> [EXERCISE DESCRIPTION]: Quote all of the data that follows exactly as written, skipping the images.

> [DATASET SECTION]:
****
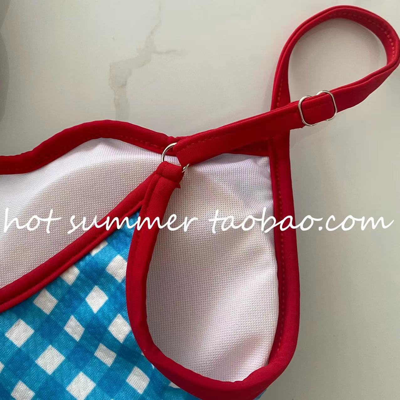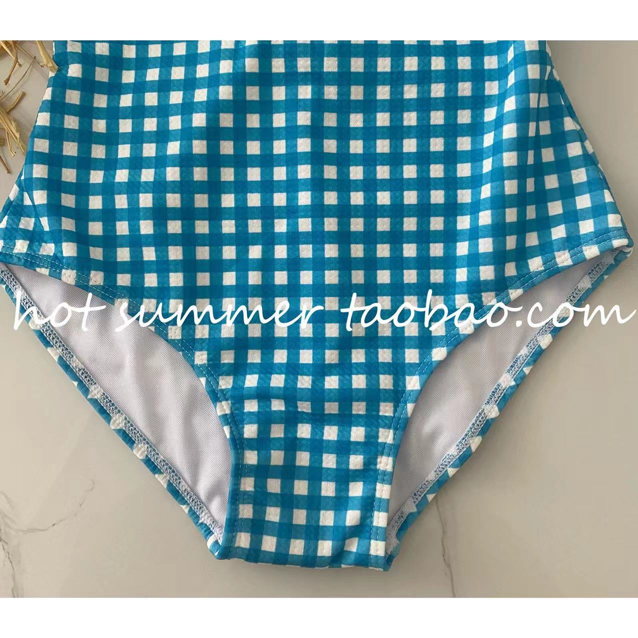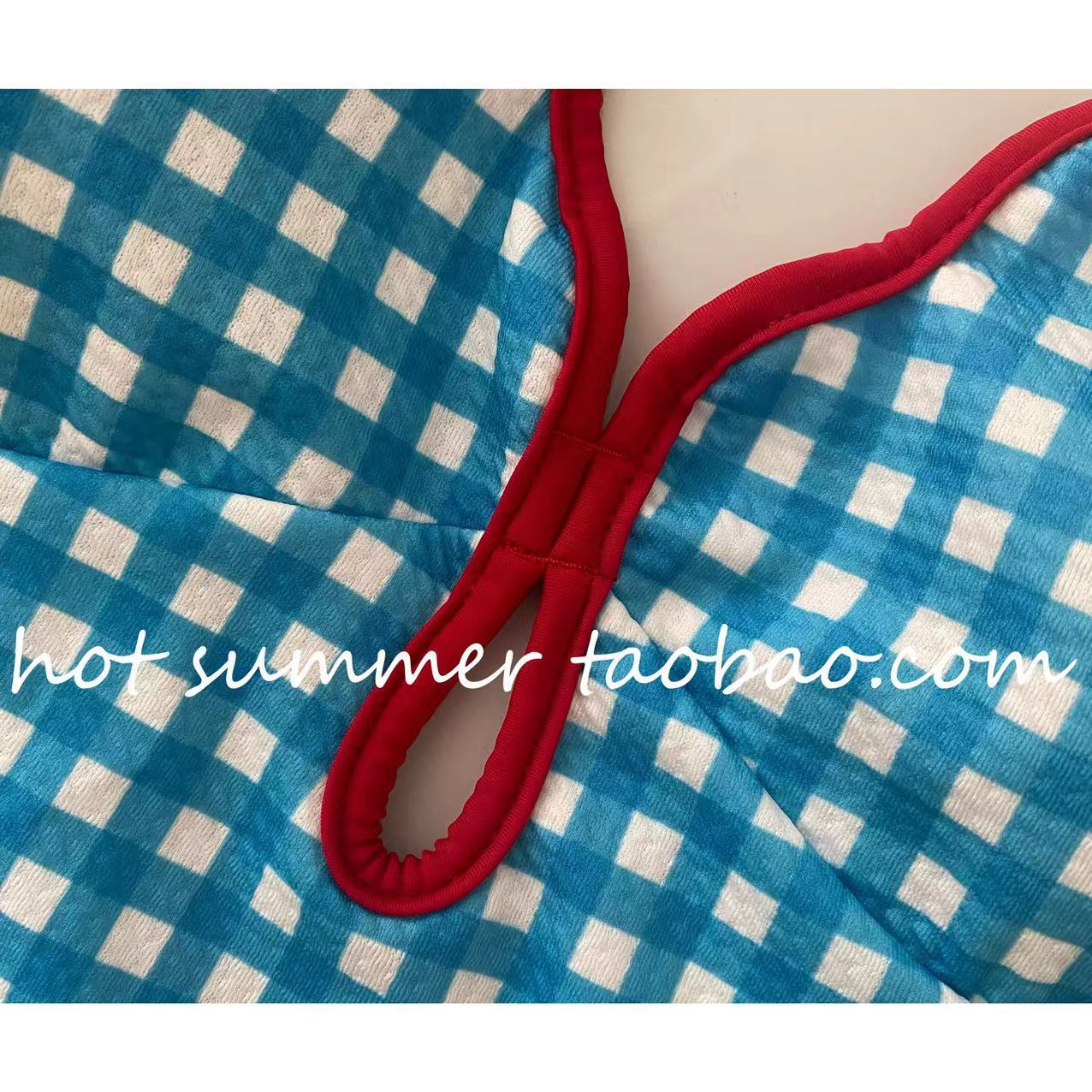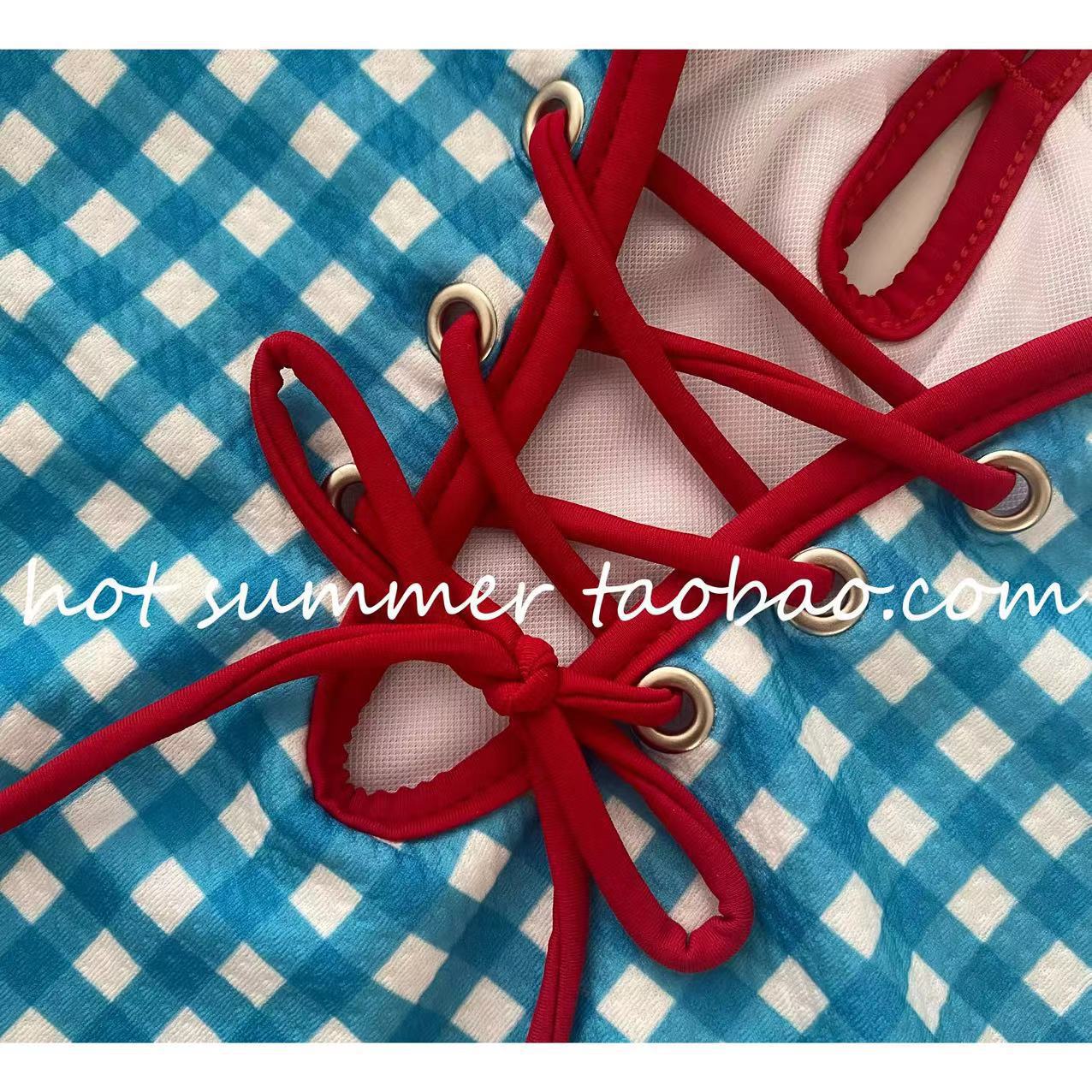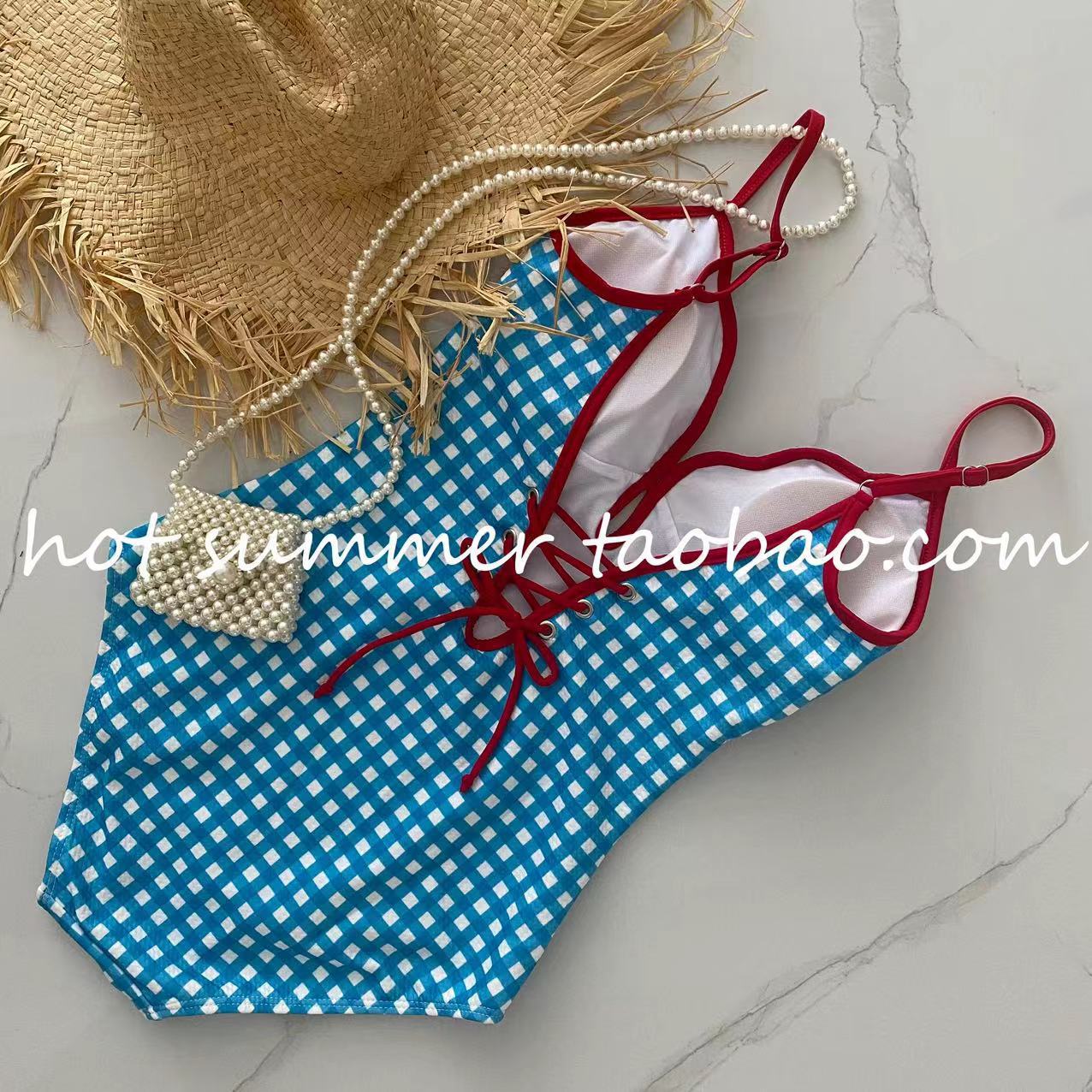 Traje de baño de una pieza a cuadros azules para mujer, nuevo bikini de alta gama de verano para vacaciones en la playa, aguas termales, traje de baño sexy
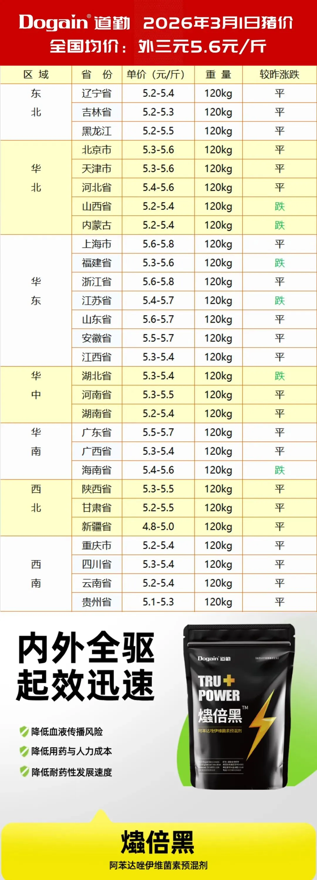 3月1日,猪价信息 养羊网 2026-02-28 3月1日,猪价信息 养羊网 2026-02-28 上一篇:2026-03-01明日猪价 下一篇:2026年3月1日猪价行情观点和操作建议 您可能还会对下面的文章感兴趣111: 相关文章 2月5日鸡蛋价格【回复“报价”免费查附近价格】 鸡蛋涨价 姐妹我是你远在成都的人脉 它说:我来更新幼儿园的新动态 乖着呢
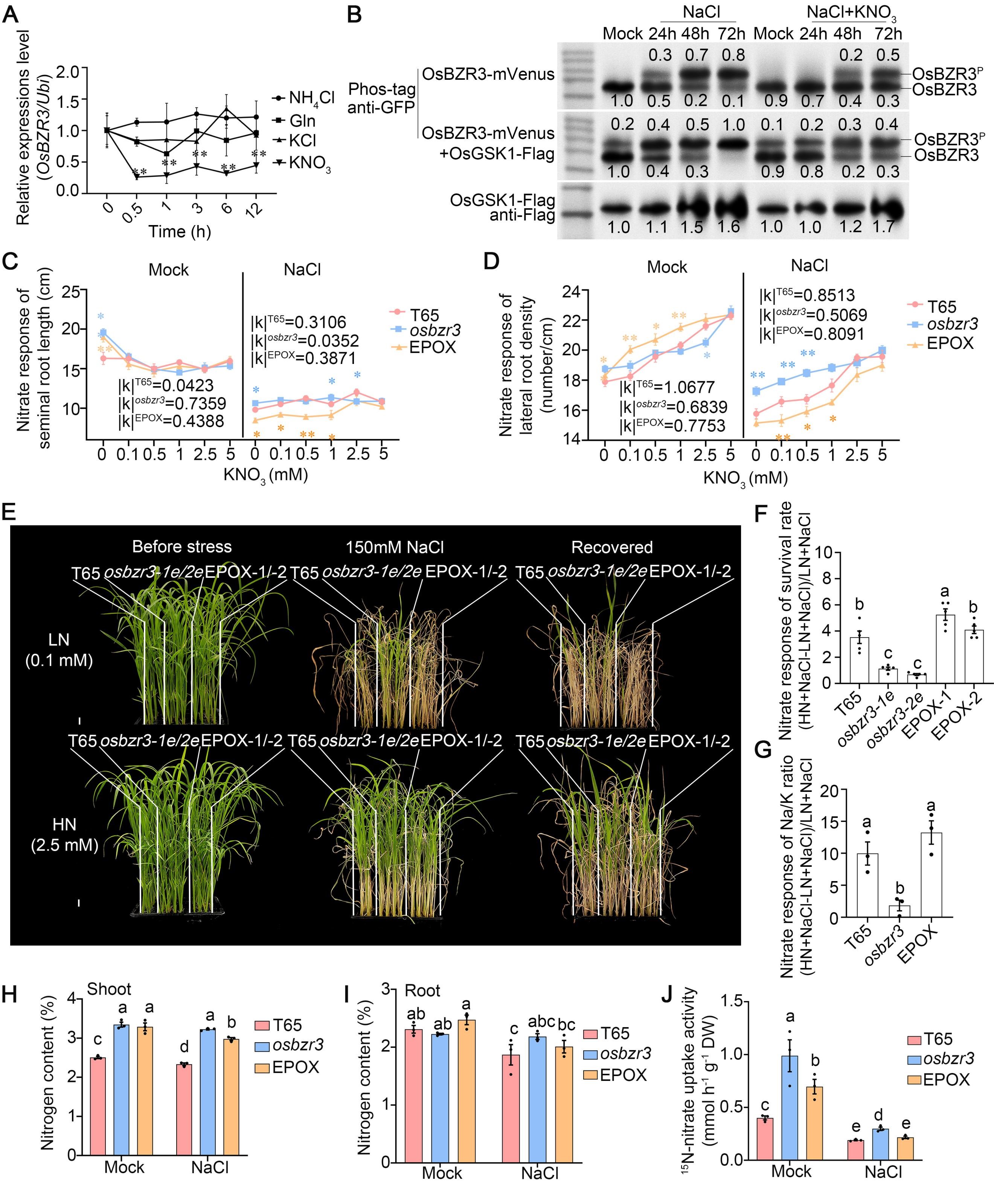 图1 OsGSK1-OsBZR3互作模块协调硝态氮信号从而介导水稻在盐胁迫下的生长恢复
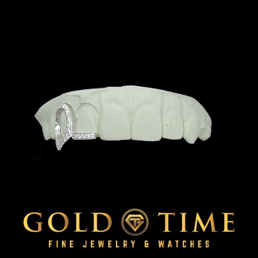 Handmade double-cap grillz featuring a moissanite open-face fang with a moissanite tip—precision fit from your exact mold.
****
> [SOLUTION TO THIS EXERCISE]:
 Traje de baño de una pieza a cuadros azules para mujer, nuevo bikini de alta gama de verano para vacaciones en la playa, aguas termales, traje de baño sexy
 3月1日,猪价信息 养羊网 2026-02-28 3月1日,猪价信息 养羊网 2026-02-28 上一篇:2026-03-01明日猪价 下一篇:2026年3月1日猪价行情观点和操作建议 您可能还会对下面的文章感兴趣111: 相关文章 2月5日鸡蛋价格【回复“报价”免费查附近价格】 鸡蛋涨价 姐妹我是你远在成都的人脉 它说:我来更新幼儿园的新动态 乖着呢
 图1 OsGSK1-OsBZR3互作模块协调硝态氮信号从而介导水稻在盐胁迫下的生长恢复
 Handmade double-cap grillz featuring a moissanite open-face fang with a moissanite tip—precision fit from your exact mold.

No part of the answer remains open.